Not at me, thank god.

“What do you think is going on here?” she asked me.

I thought furiously. “Nothing,” I said, glancing back at my notes. Over the past few days, despite heroic doses of furosemide, we hadn’t wrung more than a liter of fluid from her overloaded circulation. “That’s a problem, isn’t it?”

“Yes,” she said. “What’s standard of care here?”

“Metolazone,” I said, naming a diuretic often used to increase the effect of furosemide. “And crank the dobutamine.”

I had answered correctly, because she nodded, still thinking. “What’s tele show?”

She was asking about the continuous telemetry of the patient’s EKG. “Nothing significant.”

“Okay,” she said, jerking her thumb upward. “Get cranking. She’s losing ground here.”

And so we moved on to the next patient, and by one p.m. I had signed out to the on-call intern that Marie was to be a liter negative by morning, and if not to hit her with an extra 120 IV at four a.m., but to watch her K.

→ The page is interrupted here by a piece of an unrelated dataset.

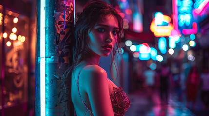 Sexy woman in a dress next to a pole on the street at night neon light nightlife bar club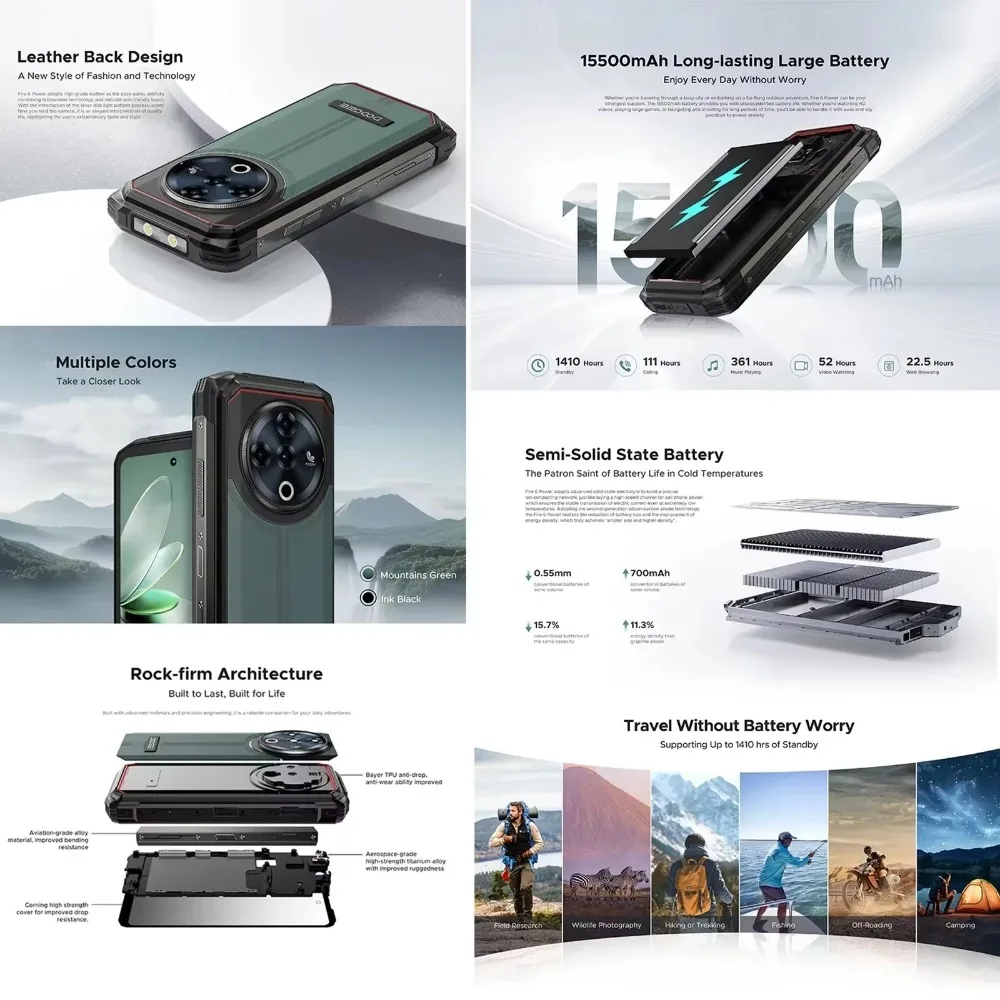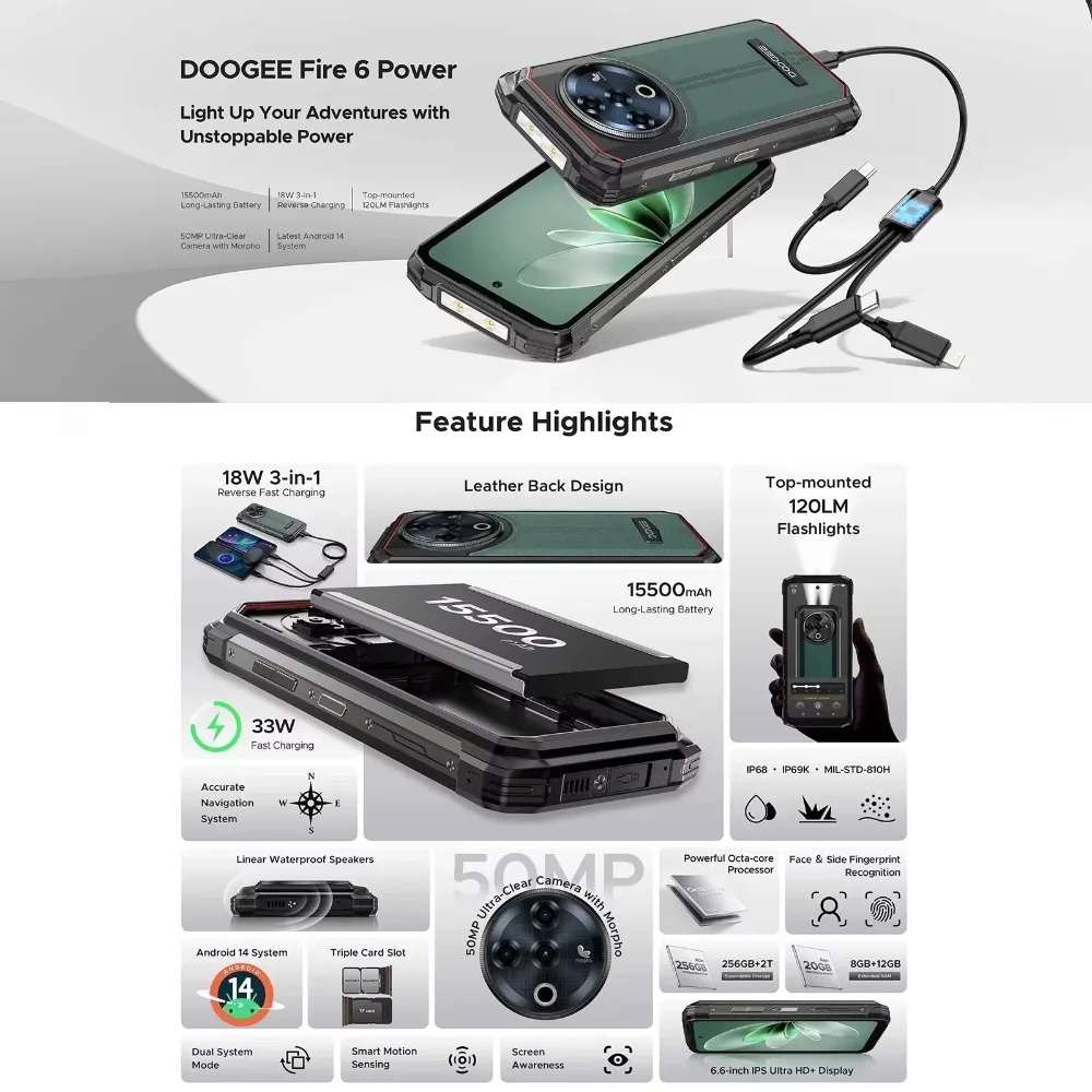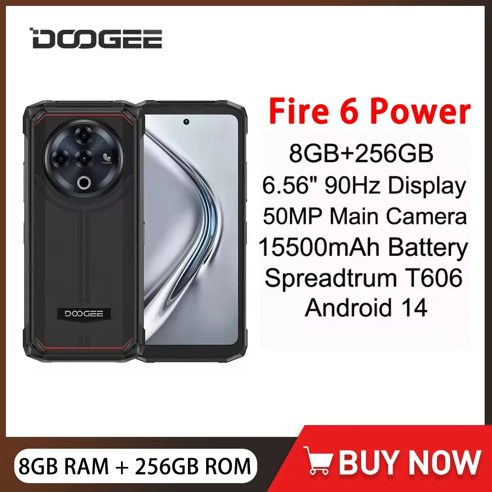 DOOGEE Fire 6 Power 4G Rugged Smartphone 6.56 Inch 90Hz Display 8GB+256GB 15500mAh 50MP Camera Spreadtrum T606 Android 14 NFC

The next morning we were on call again. I spent the half hour before rounds checking up on the three patients I was carrying going into call. I left Marie to last, my reluctance to enter her room being by this time nearly insuperable. In response to my usual question, she gave her usual answer. “Terrible. I feel so weak, Doctor. Just so weak and shaky.” She said this in her usual tremulous voice, waving the back of her hand over her face to express her weakness. I couldn’t help but notice, uncharitably, her breakfast tray, every bowl and plate stripped clean to the last sheen of grease. Her vital signs were stable, and her urine output had indeed picked up: not the entire liter we had hoped for, but most of it. It was with a feeling of hope—I might discharge her soon—that I left her room for a last check of labs before rounds.

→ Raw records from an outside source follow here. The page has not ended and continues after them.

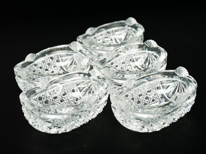 - 【値下げ交渉有り】 江戸切子 八角籠目文 船型 向付 小鉢 五客 共箱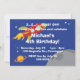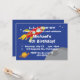This fun birthday party invitation features a rocket spaceship flying by some planets in outer space. Completely customisable.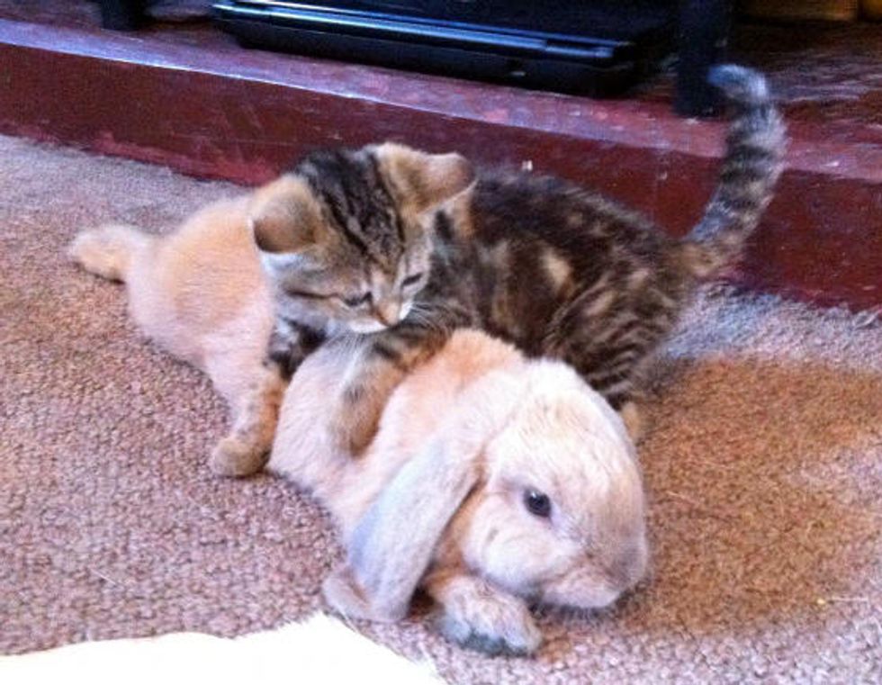 They are often seen snuggling with each other as if the rabbit ensures the little blind kitty that everything will be all right.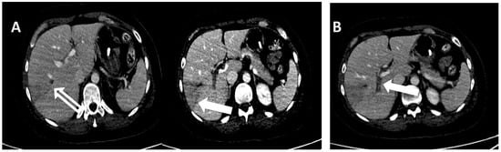 Figure 3. Thrombosis of the right segmental branch of the portal vein is associated with partial thrombosis of the related branch of the ipsilateral hepatic vein (empty arrow) panel (A). An area of parenchymal hypoperfusion involving V and VIII segments is seen (full arrow) panel (B).

But what I saw in the labs wasn’t good. Overnight, Marie’s serum creatinine—the general indicator of the kidney’s ability to clear wastes—had almost doubled. Worse, her potassium—the “K” I had asked the intern to watch—was over six. The number was highlighted on the screen in red. We watch potassium generally in hospitalized patients: it’s a critical element, its level easily perturbed, and too wide a deviation can throw the heart’s rhythm awry. A patient on dobutamine with a potassium greater than six was not something I wanted to present on rounds. I had three minutes to find a nurse and order the four different things that would take care of this. As I was scribbling the orders on the chart, somewhere in the back of my head I was processing the other half of this story, the one I could do nothing about. Her heart was overloaded with fluid her kidneys could no longer expel. And now, under the burden of her failing heart, her kidneys were beginning to fail as well.

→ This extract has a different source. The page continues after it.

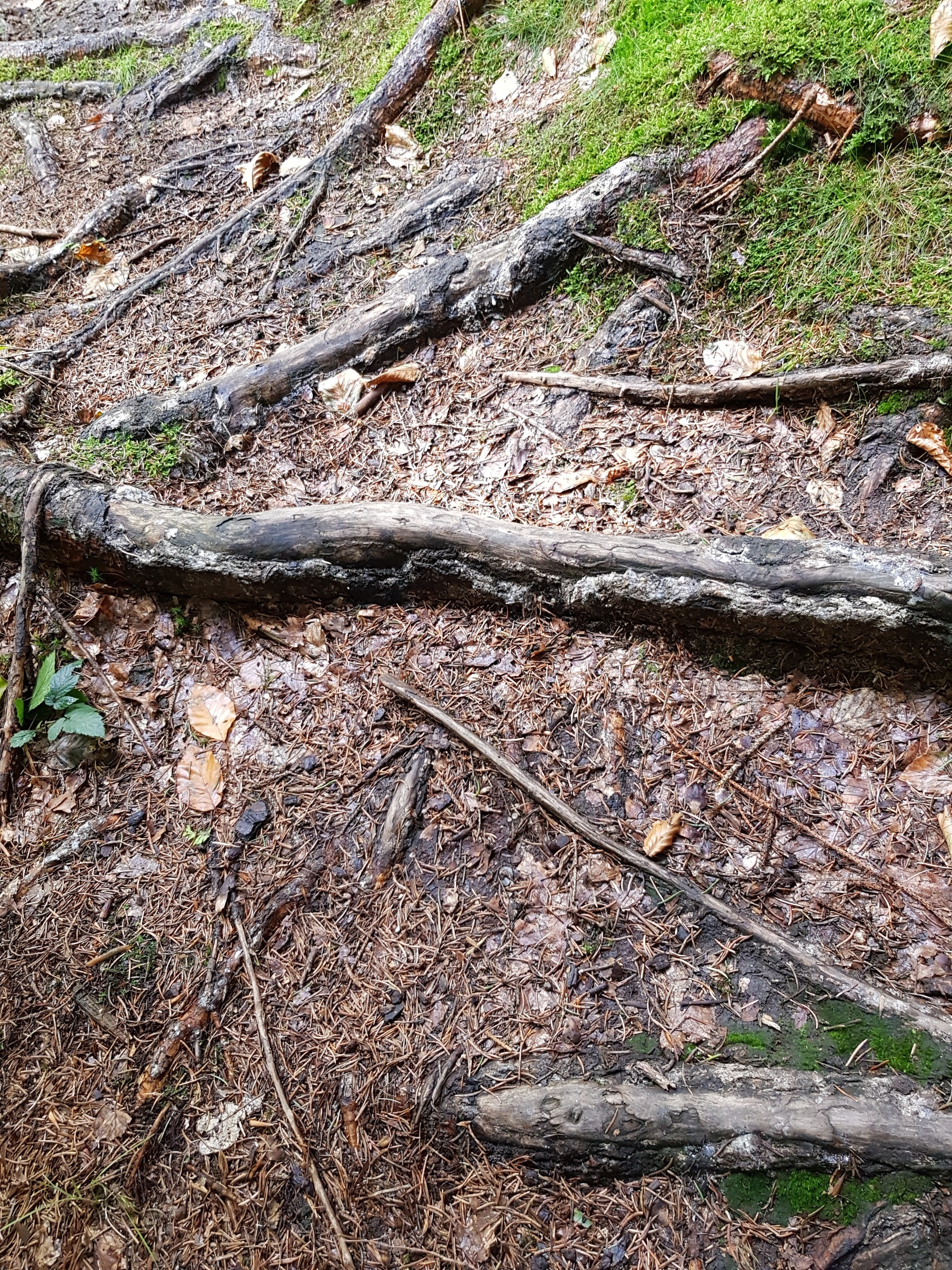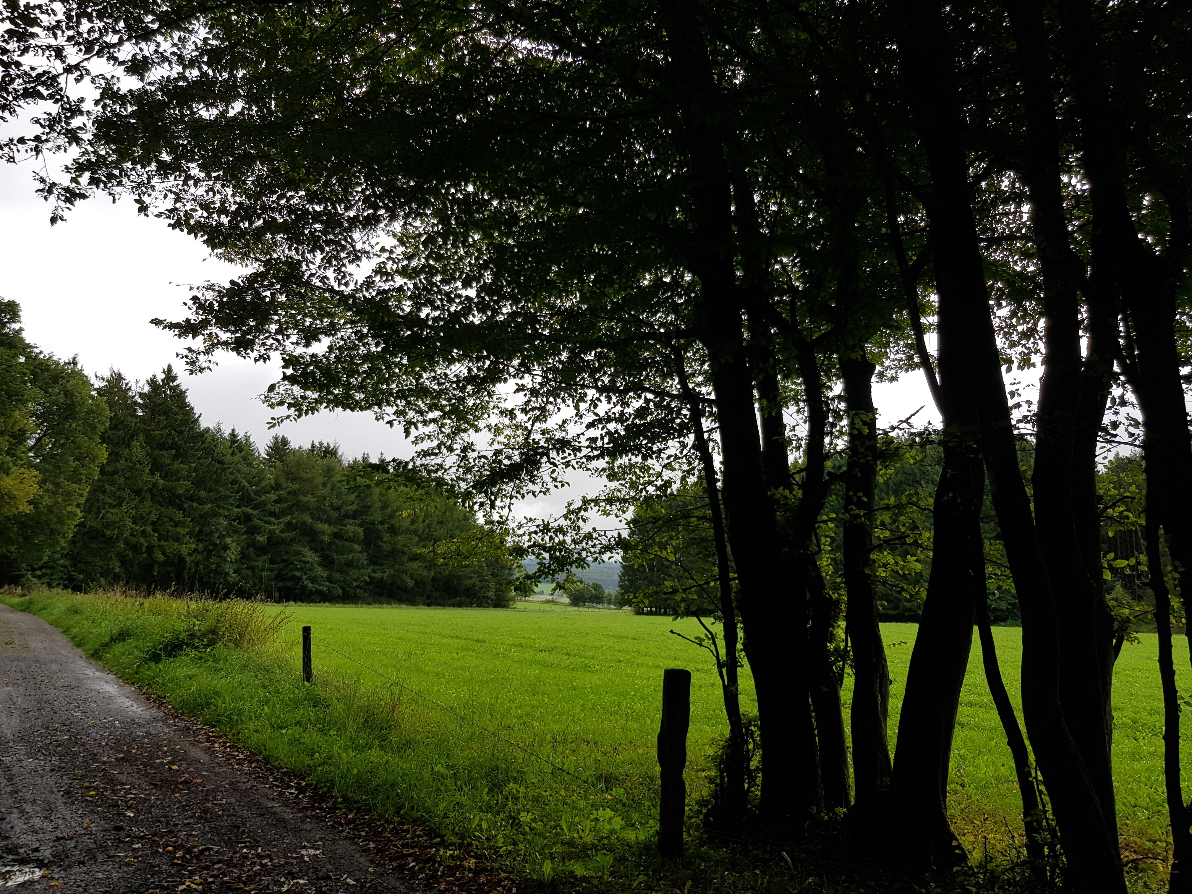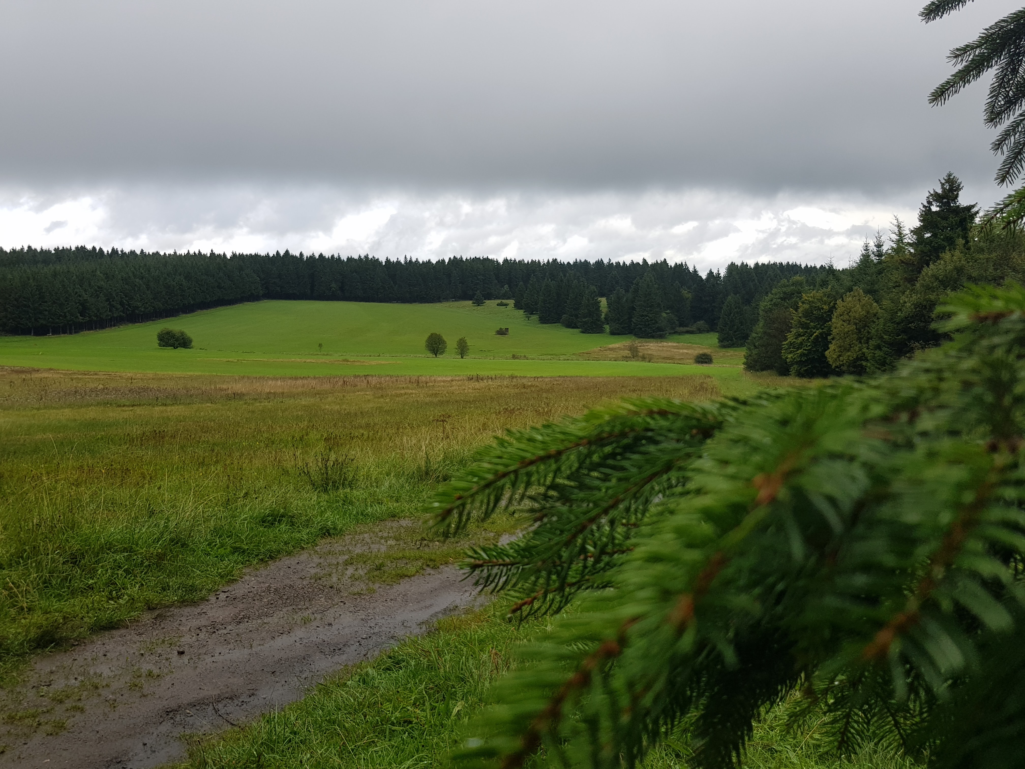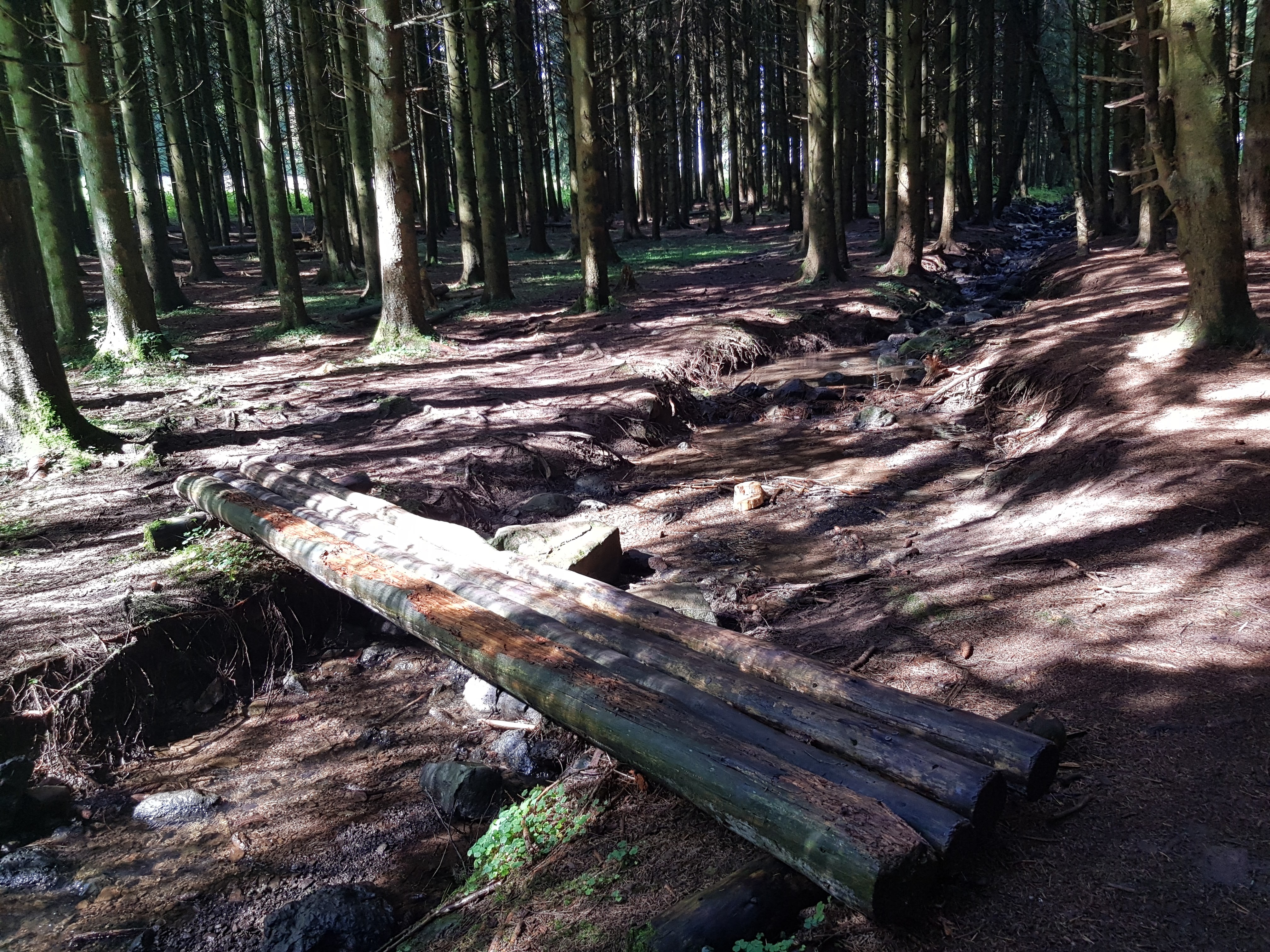 Durch die unaufhörliche Nässe sind manche Waldwege natürlich dermaßen aufgeweicht, dass wir versuchen, auf trockenere Stellen auszuweichen. An einer Stelle wurde uns der Weg großflächig total versperrt durch gefällte Bäume, über die wir mehr oder weniger sportlich drüberklettern. Das bringt mich auf die Idee, mal von allen Wegsorten, die uns unter die Füße kommen, ein Foto zu machen.

I was a minute late for the start of rounds.

As another long day of call ground into motion, I carried with me through the morning’s rituals a bleak sensation of change about to happen. Or perhaps, with the shift of a few numbers on a computer display, it already had, crossing over from the well-worn track Marie’s history had followed so faithfully for so long, to the other routine that plots the hospital’s daily round, the inexorable slippage into death. Marie’s electrolyte abnormality was significant not because it put her at risk of sudden death (although it did). The real significance was that the routine tune-up was over. Our only means of lightening the load on Marie’s heart had failed. This much, at least, had become brutally clear by rounds the next morning, even after another sleepless night.

When we reached her doorway I presented the data, and ground to a halt. I had no idea what came next.

The attending turned to the fellow.

“Now what?”

The fellow tugged at his lower lip. “I think we need to Swann her.”

The attending nodded. The fellow turned to me and said, “Move her to the Unit. We’ll Swann her after rounds.”